Data records:

+---+

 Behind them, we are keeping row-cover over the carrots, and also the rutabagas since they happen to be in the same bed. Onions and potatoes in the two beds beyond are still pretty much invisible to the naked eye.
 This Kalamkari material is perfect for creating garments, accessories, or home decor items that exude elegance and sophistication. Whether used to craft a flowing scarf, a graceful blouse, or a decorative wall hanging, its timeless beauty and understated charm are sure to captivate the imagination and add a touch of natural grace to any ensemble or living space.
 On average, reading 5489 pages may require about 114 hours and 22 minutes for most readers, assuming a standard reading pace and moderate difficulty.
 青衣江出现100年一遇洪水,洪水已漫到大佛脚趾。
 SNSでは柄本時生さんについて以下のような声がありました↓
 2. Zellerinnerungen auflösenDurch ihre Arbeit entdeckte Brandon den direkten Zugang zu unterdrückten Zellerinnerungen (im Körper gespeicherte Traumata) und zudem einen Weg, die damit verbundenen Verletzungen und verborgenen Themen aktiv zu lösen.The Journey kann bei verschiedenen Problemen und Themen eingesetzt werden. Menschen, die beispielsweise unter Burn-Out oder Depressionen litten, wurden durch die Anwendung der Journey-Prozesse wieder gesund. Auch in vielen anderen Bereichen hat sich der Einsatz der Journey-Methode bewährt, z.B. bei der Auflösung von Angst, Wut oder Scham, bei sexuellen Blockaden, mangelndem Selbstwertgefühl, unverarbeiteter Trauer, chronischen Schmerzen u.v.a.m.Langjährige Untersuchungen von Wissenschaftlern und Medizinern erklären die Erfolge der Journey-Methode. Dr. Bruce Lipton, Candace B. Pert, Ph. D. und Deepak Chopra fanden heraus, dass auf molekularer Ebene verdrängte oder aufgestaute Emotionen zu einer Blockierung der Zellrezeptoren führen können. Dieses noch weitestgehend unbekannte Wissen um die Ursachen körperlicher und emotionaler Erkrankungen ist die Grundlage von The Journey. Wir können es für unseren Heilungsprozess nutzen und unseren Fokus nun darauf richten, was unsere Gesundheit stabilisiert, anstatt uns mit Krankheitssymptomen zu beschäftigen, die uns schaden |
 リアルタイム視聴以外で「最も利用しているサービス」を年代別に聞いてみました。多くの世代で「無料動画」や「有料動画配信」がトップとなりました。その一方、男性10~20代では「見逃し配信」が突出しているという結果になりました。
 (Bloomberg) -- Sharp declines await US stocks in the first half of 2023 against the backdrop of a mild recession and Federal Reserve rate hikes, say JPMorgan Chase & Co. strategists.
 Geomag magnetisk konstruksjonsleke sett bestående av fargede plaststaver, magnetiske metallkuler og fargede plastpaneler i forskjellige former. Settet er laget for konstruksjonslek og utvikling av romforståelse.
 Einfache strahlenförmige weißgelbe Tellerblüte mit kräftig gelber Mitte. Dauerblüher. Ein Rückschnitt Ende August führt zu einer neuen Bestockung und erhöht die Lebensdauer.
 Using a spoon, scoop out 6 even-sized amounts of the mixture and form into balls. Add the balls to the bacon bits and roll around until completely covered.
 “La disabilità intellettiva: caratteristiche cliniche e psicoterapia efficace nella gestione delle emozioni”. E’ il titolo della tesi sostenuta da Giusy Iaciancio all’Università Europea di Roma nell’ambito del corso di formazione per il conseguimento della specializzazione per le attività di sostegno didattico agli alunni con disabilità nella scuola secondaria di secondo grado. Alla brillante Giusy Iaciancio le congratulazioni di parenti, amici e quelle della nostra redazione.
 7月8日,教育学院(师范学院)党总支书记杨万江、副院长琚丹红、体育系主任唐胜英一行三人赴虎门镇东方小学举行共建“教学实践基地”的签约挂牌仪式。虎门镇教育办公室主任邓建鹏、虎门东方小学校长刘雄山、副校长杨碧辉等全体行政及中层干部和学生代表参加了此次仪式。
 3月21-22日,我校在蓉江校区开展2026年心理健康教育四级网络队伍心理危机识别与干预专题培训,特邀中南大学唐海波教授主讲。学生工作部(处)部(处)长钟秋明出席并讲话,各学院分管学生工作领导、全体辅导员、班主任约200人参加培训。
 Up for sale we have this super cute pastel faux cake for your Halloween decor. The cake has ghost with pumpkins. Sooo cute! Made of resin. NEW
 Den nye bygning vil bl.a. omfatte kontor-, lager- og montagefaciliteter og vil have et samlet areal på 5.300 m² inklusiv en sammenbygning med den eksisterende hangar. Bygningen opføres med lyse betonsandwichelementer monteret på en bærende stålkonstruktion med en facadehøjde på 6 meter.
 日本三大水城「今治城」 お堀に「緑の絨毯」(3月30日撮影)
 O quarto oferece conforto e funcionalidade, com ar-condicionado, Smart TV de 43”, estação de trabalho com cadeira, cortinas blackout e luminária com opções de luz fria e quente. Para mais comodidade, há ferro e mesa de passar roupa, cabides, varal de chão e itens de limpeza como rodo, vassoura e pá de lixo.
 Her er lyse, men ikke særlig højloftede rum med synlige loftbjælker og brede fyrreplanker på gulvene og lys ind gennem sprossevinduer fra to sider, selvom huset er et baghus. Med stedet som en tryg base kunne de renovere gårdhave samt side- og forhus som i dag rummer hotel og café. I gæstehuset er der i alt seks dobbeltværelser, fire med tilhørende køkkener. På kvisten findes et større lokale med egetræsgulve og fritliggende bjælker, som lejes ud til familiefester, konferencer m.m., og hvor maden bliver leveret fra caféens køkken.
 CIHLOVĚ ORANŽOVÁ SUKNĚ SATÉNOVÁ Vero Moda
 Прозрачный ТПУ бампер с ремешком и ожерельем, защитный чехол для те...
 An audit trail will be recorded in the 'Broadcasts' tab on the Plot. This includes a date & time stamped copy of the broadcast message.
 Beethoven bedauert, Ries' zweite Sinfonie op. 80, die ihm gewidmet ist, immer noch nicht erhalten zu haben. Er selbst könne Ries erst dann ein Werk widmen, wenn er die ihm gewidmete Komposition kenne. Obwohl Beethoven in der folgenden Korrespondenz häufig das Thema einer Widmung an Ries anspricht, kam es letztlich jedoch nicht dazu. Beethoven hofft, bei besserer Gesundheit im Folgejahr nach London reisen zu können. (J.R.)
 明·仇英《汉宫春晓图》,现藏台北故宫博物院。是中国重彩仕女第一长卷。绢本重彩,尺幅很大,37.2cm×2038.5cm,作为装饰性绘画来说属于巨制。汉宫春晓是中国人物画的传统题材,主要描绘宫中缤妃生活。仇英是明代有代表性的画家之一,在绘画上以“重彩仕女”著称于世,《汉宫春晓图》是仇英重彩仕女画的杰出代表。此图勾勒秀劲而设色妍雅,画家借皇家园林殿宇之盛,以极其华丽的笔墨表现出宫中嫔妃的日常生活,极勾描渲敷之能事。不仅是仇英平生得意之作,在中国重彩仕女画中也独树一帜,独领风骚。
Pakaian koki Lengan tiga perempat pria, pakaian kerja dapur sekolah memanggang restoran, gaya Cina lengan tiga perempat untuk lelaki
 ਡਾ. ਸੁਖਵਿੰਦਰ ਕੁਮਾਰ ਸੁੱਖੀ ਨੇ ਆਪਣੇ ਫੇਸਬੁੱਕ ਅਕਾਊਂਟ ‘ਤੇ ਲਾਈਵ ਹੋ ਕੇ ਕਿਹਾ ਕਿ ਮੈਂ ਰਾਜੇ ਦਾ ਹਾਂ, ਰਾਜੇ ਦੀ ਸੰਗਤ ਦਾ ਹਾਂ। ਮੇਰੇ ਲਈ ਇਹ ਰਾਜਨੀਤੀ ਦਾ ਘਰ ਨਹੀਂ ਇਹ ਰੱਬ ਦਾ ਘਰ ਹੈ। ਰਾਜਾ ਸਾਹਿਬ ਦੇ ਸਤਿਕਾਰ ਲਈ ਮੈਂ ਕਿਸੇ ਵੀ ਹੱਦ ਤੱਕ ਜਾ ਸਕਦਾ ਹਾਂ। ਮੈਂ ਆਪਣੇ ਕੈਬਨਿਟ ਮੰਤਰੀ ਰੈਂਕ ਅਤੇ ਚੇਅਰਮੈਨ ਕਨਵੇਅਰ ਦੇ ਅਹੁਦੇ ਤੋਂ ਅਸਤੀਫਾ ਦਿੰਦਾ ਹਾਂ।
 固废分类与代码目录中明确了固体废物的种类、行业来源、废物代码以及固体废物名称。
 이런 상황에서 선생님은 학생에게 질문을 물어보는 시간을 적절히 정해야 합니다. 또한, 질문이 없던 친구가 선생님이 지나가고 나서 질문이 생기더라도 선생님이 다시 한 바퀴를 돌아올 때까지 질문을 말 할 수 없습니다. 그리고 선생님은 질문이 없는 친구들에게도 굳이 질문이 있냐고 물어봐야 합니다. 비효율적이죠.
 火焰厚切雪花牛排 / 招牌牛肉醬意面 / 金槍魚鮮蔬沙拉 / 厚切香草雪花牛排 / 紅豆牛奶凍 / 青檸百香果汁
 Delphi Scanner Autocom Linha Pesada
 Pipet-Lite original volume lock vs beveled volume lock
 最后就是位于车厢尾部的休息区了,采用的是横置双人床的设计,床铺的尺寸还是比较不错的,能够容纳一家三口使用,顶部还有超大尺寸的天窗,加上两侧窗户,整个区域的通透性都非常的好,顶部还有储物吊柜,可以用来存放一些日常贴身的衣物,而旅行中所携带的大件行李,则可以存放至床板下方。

+---+

== Problem statement ==
Read the entries and pick out all lines that include the word "decor".

== Task solution ==
 This Kalamkari material is perfect for creating garments, accessories, or home decor items that exude elegance and sophistication. Whether used to craft a flowing scarf, a graceful blouse, or a decorative wall hanging, its timeless beauty and understated charm are sure to captivate the imagination and add a touch of natural grace to any ensemble or living space.
 Up for sale we have this super cute pastel faux cake for your Halloween decor. The cake has ghost with pumpkins. Sooo cute! Made of resin. NEW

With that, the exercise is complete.